Sein dieses Jahr erschienenes Werk "Changing Horses" hat ihn musikalisch gesehen wieder näher an seine Wurzeln geführt und die sind bekanntermaßen in Texas. Country Musik liegt also nahe und Ben Kweller hat es irgendwie geschafft auch eine Menge jüngerer Leute von dieser Art von Musik zu überzeugen. Zumindest verdichten sich die Anzeichen, wenn man sich die Vielzahl junger Gesichter im Lido ansieht, die sich an diesem Abend vor der Bühne eingefunden haben. Nur beim Kleidungsstil hatte die Band eindeutig die Nase vorn und lief fast im Einheitslook mit Karohemden, Jeans und Stiefeln auf. Da konnten die Zuschauer nicht ganz mithalten.
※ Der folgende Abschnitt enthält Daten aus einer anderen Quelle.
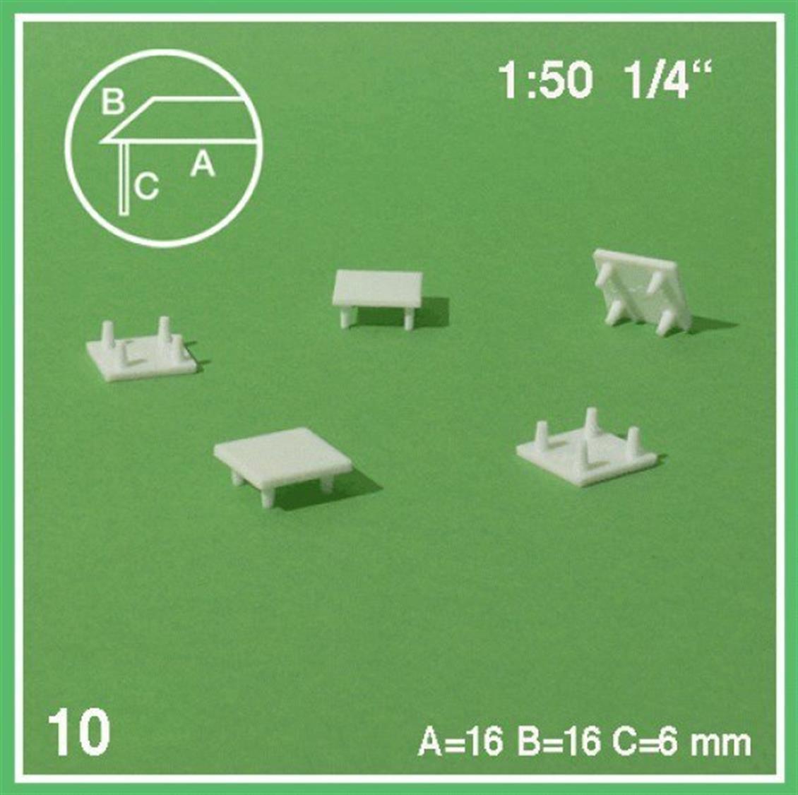 Schulcz 5561102 1/50 Ölçek, Kare Sehpa -16X16X6 Mm--Beyaz -5 Adet

Im Gegenzug dazu schenkten sie ihm aber ihre ungeteilte Aufmerksamkeit und tanzten ausgelassen. Anlass genug gab es in Form von einem mit allerhand dynamischen Songs gespickten Set, das dem Kweller-Fan wohl einige Male das Herz höher hüpfen lassen sollte. Das gut gefüllte Lido wurde gleich zu Beginn der Show von den mitreißenden Klängen von "Fight" heimgesucht und auch im späteren Verlauf des Konzerts bewies Ben Kweller samt Band, dass das rhythmische Klopfen der Sohlen auf dem Parkett so einiges zur Stimmung beitragen konnte. Wahlweise das Standbein vom Tanzbein trennen und letzteres enthusiastisch von sich zu strecken, während der Gitarrenhals euphorisch zur Clubdecke zeigt, war auch eine gern gesehene Geste. Aber war das alles? Die Antwort lautet nein!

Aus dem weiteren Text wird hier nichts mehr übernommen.